Assigned task ▸
In the listing below, find the line containing "Het gespleten ontwerp" and the line containing "リラックスできる畳スタイルの", then copy exactly everything from the first through the second, except the pictures.

Records provided ▸
****
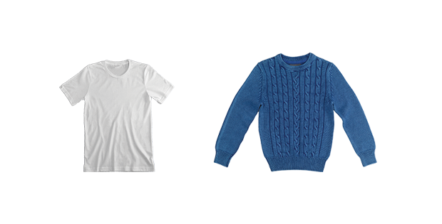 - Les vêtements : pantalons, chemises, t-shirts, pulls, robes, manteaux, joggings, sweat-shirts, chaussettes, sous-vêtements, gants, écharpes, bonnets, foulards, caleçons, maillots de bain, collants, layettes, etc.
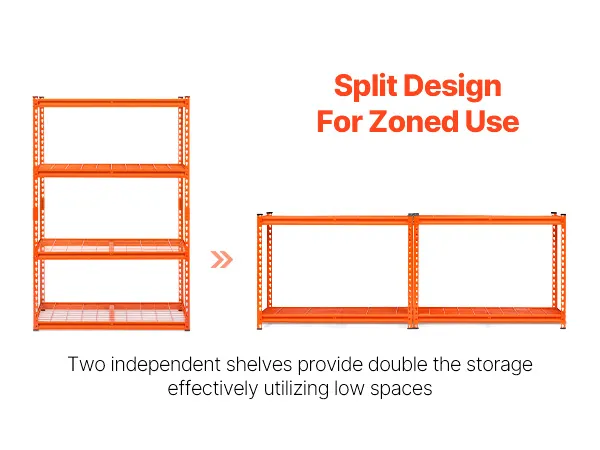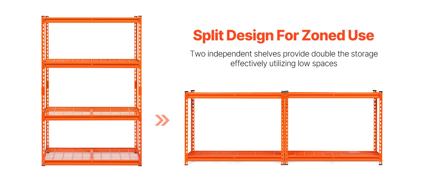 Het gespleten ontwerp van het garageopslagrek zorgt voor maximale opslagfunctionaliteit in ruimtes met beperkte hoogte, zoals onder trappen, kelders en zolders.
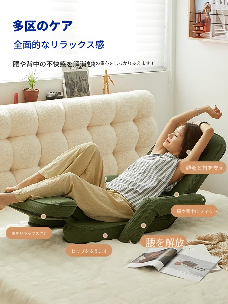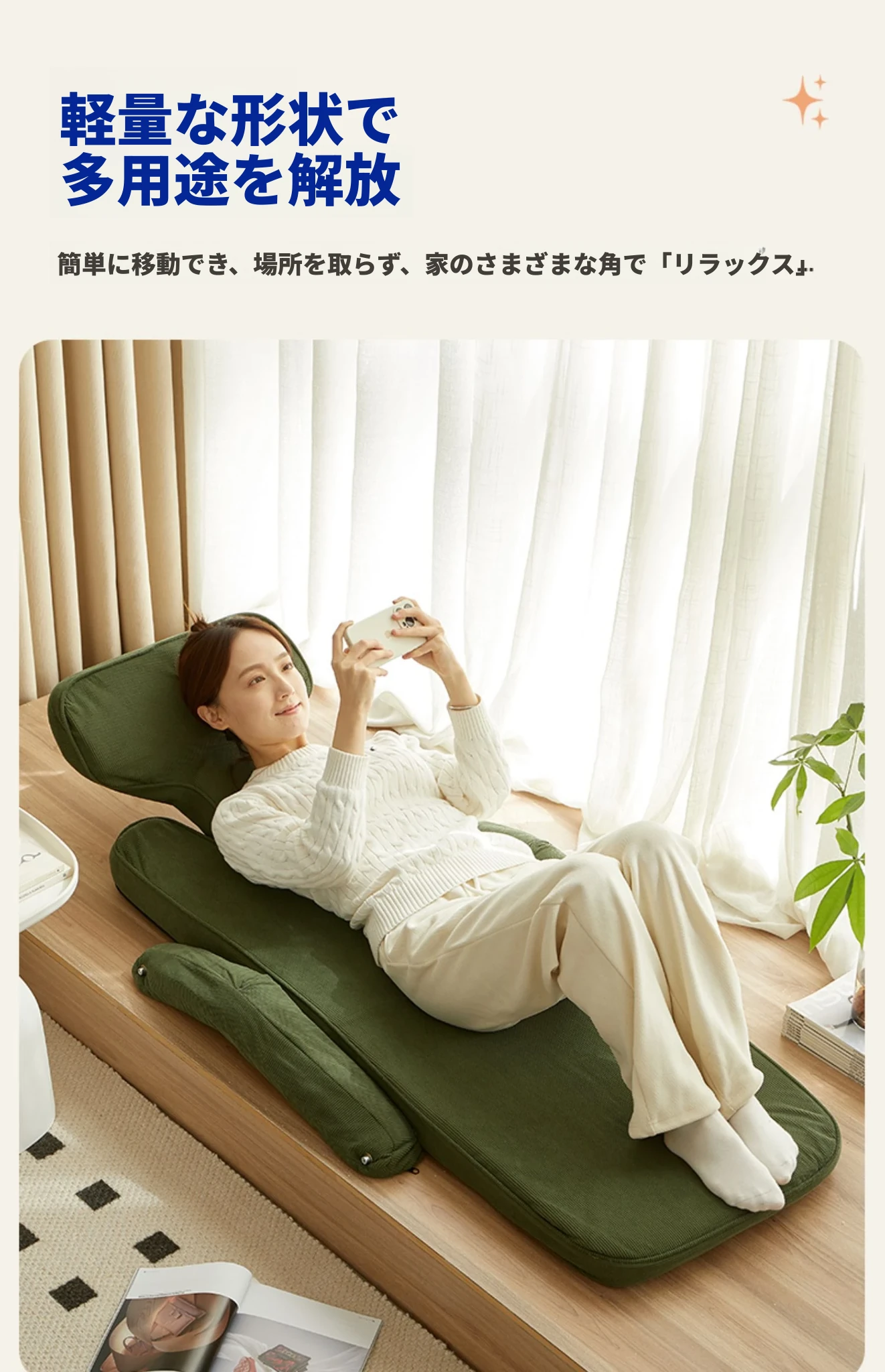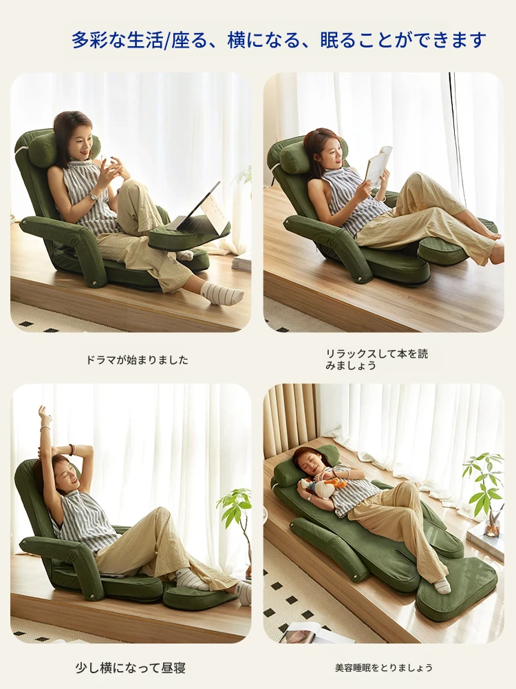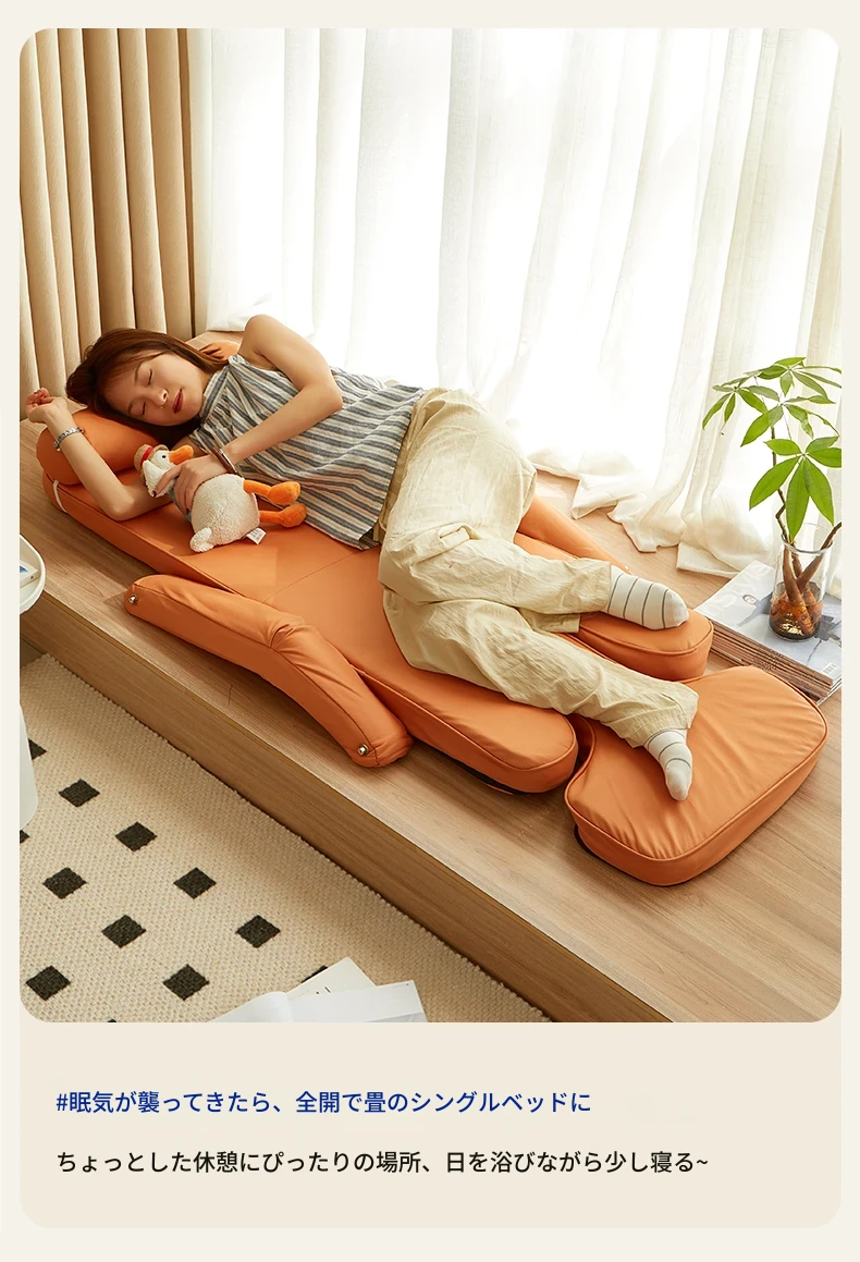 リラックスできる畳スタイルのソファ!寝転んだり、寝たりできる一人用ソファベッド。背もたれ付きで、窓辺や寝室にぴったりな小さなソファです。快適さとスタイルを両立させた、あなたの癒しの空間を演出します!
****
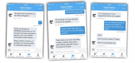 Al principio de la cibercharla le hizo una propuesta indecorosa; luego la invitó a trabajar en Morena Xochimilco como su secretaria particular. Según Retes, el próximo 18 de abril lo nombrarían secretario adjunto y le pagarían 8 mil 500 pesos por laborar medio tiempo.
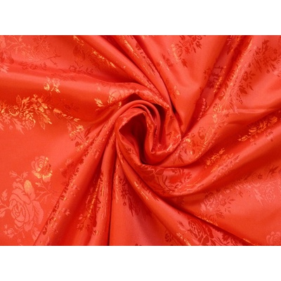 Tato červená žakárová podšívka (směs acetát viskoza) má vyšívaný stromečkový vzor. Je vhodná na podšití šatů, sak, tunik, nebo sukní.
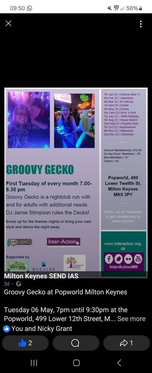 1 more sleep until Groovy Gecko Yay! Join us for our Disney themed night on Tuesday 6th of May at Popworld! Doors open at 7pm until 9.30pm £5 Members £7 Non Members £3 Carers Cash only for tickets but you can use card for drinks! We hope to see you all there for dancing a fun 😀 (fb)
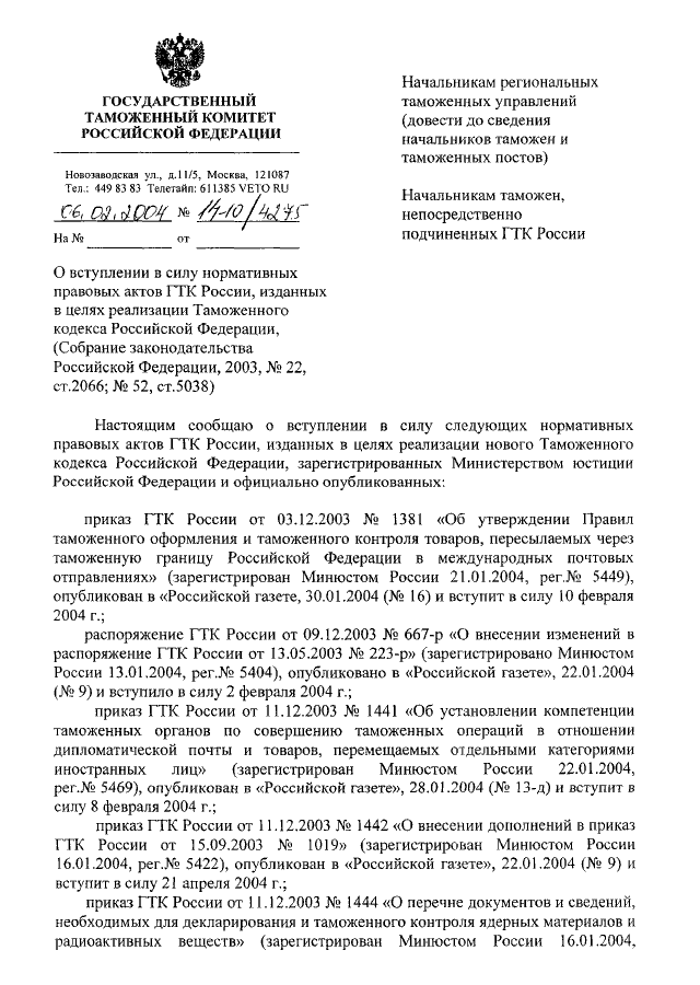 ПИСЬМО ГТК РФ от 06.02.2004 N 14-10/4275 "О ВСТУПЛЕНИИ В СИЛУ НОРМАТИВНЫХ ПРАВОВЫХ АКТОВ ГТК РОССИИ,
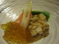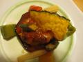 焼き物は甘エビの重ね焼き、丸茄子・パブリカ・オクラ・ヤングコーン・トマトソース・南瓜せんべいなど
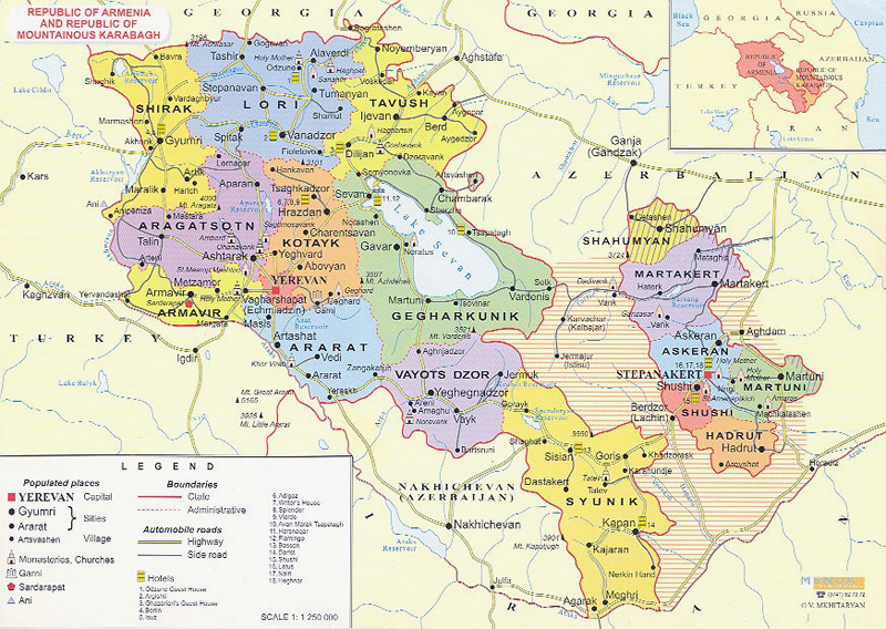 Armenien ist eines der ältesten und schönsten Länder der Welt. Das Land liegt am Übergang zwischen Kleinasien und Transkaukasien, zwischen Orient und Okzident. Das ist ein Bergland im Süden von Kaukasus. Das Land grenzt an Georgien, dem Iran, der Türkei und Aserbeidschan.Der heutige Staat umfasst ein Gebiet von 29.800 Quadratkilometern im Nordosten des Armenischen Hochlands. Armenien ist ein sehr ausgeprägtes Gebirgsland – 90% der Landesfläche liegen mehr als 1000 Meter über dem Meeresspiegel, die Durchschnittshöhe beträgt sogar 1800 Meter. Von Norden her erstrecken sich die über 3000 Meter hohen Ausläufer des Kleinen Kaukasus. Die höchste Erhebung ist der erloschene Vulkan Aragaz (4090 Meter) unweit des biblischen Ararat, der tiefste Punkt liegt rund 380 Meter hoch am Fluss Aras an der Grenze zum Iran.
****
Finished exercise ▸
 Het gespleten ontwerp van het garageopslagrek zorgt voor maximale opslagfunctionaliteit in ruimtes met beperkte hoogte, zoals onder trappen, kelders en zolders.
 リラックスできる畳スタイルのソファ!寝転んだり、寝たりできる一人用ソファベッド。背もたれ付きで、窓辺や寝室にぴったりな小さなソファです。快適さとスタイルを両立させた、あなたの癒しの空間を演出します!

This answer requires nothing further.